--- Material for the task Enclosed Below ---

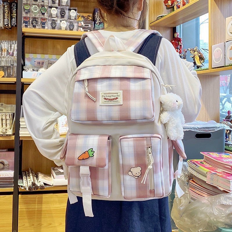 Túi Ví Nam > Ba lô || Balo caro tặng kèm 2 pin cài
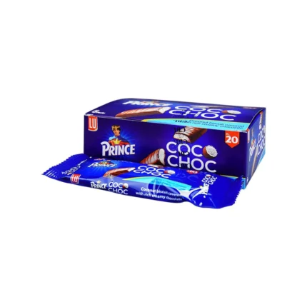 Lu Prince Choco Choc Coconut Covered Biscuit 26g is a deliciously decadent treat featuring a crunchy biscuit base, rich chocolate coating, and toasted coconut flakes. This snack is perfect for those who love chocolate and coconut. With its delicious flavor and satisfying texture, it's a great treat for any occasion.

--- End of Enclosed Material for the task ---
--- Material for the task Enclosed Below ---

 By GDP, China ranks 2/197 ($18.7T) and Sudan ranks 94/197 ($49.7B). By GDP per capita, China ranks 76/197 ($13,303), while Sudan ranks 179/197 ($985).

--- End of Enclosed Material for the task ---

▸ **Work to complete**
Above are the records; please give again, exactly and in full, only the lines that run from the line with "Túi Ví Nam >" through the line with "Lu Prince Choco", with no pictures.

▸ **Result for this task**
 Túi Ví Nam > Ba lô || Balo caro tặng kèm 2 pin cài
 Lu Prince Choco Choc Coconut Covered Biscuit 26g is a deliciously decadent treat featuring a crunchy biscuit base, rich chocolate coating, and toasted coconut flakes. This snack is perfect for those who love chocolate and coconut. With its delicious flavor and satisfying texture, it's a great treat for any occasion.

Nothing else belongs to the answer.